TASK TO CARRY OUT> In the entries below, begin at the line with "Chico’s Chanelle Silver" and stop after the line with "- Кухня Техно-6 1500 мм Графит/Графит софт"; output those lines exactly and omit the pictures.

INPUT DATA>
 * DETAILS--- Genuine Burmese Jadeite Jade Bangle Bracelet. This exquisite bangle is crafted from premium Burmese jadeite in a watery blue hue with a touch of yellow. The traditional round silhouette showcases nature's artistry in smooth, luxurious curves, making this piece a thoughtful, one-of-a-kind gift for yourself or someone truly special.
...
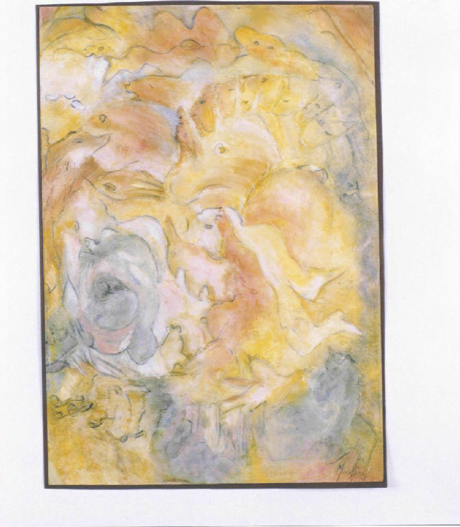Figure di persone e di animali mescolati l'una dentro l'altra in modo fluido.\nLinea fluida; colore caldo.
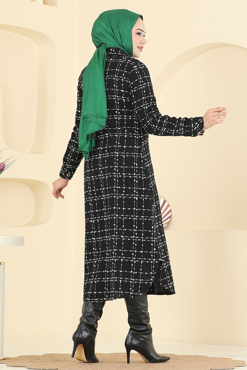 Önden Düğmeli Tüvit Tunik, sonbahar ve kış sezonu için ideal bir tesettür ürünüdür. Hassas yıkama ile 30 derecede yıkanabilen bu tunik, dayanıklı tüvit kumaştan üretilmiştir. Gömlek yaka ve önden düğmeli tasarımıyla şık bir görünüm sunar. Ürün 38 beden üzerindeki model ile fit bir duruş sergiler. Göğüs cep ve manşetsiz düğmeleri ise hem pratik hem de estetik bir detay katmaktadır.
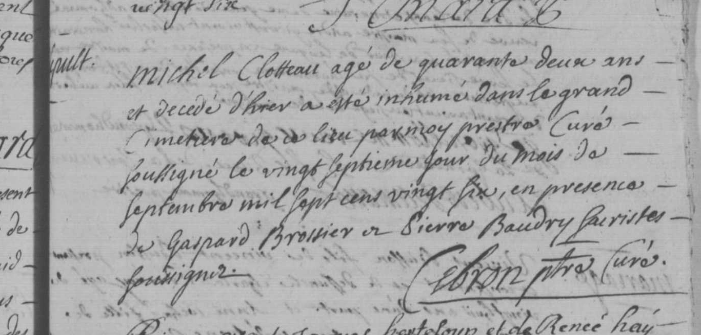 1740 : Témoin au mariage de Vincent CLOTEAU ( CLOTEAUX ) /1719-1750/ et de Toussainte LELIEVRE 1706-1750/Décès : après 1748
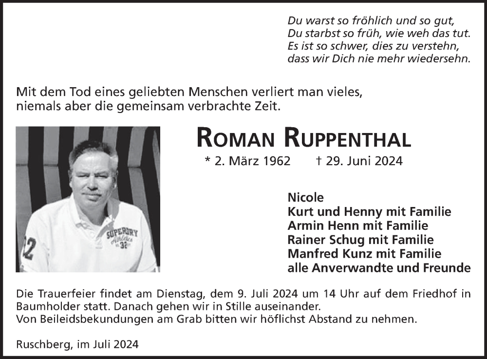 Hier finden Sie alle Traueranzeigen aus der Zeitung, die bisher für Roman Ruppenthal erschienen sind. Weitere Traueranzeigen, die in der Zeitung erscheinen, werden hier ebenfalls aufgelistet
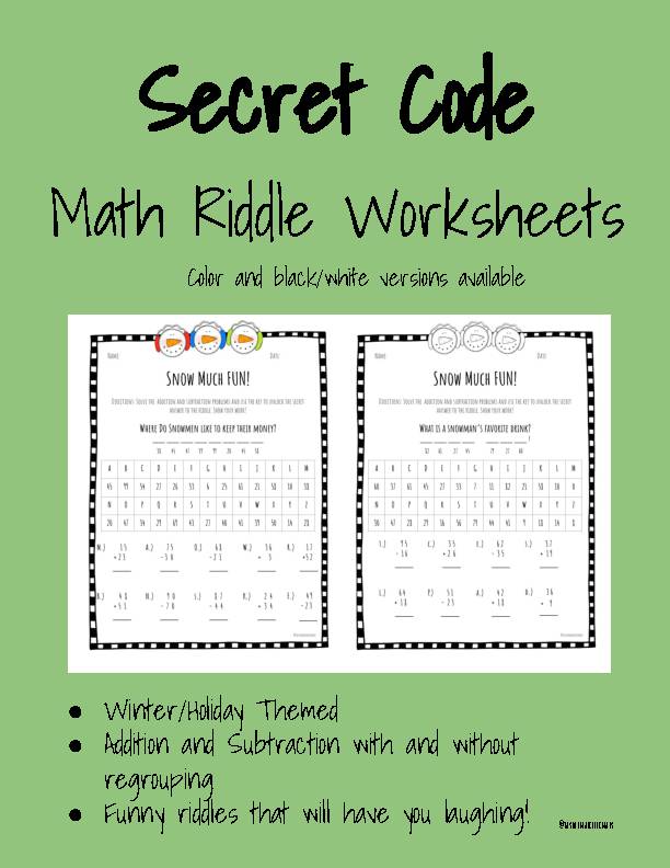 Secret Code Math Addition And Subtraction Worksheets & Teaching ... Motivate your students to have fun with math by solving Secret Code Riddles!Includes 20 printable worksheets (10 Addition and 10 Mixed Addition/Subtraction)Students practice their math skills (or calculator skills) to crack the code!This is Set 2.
...
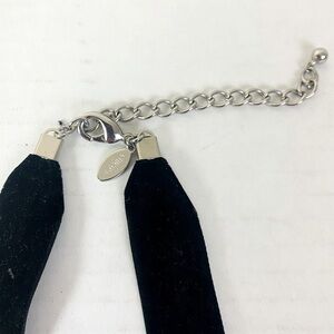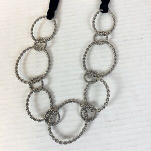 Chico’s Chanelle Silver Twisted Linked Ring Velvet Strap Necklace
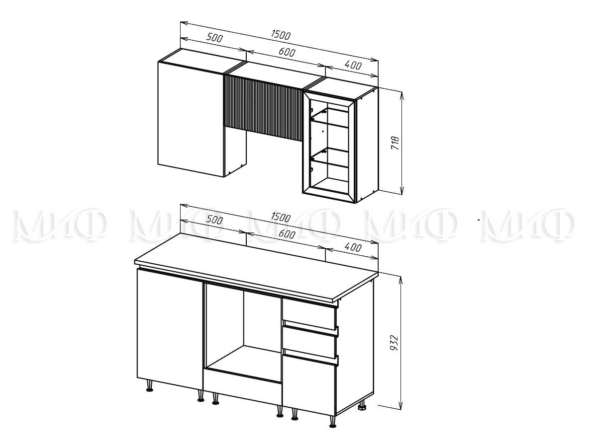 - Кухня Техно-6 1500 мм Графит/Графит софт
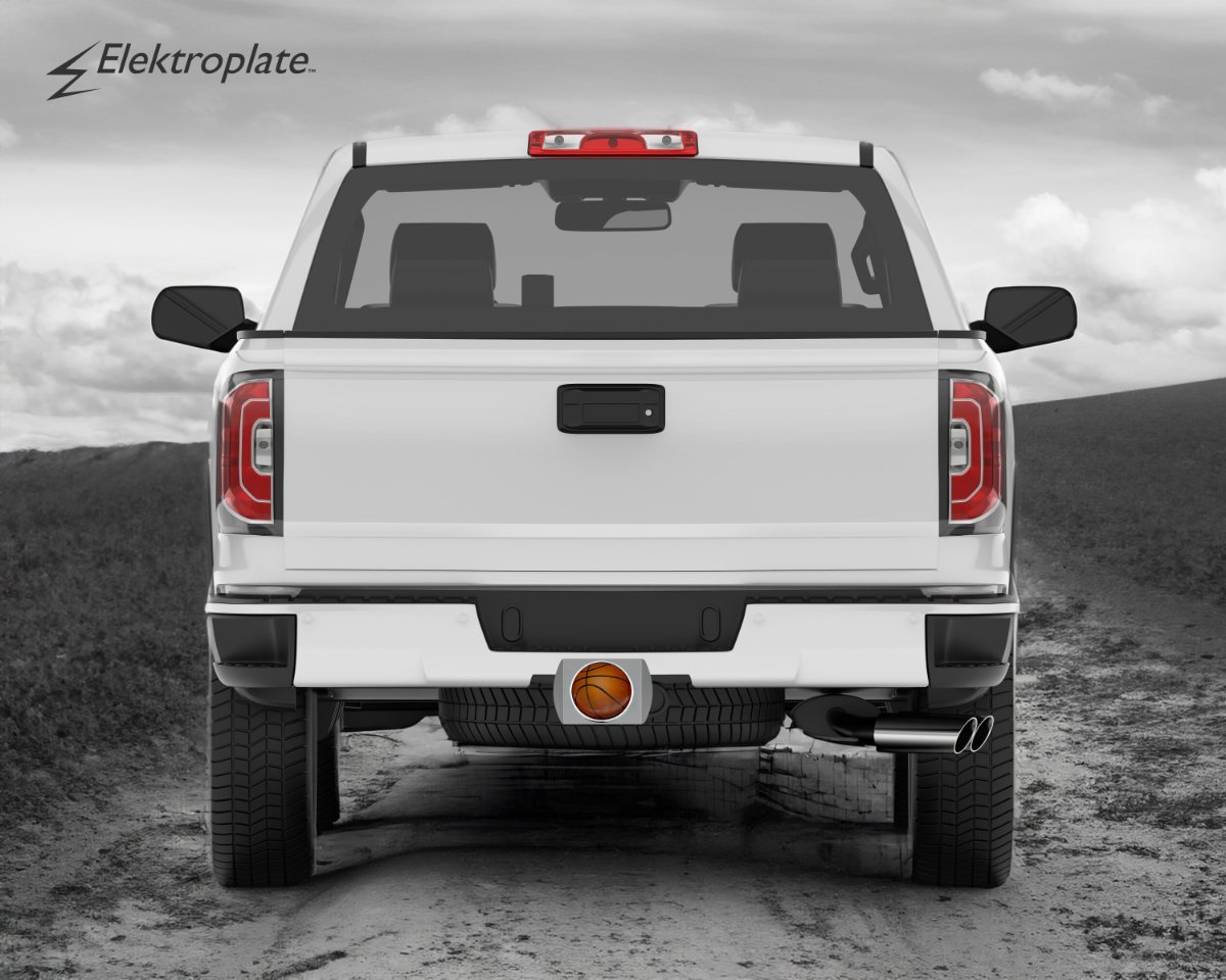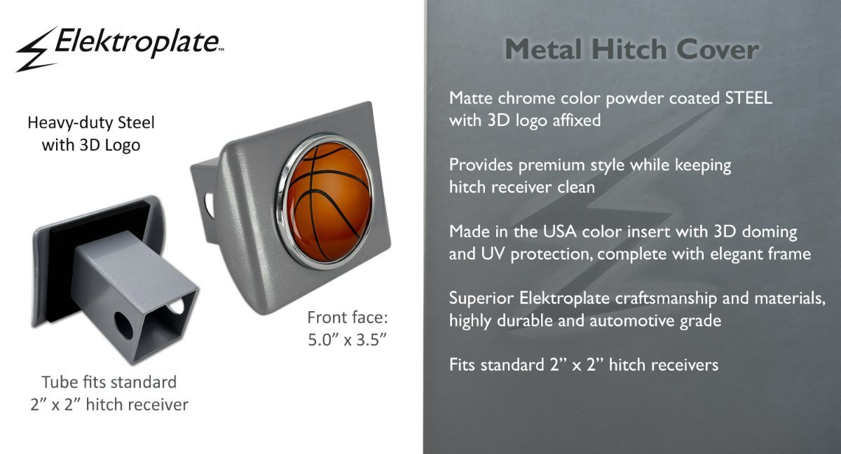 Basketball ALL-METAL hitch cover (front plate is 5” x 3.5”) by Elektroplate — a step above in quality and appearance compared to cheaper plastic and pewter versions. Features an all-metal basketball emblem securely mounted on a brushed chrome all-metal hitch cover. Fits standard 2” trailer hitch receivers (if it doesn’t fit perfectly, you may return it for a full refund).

RESPONSE>
 Chico’s Chanelle Silver Twisted Linked Ring Velvet Strap Necklace
 - Кухня Техно-6 1500 мм Графит/Графит софт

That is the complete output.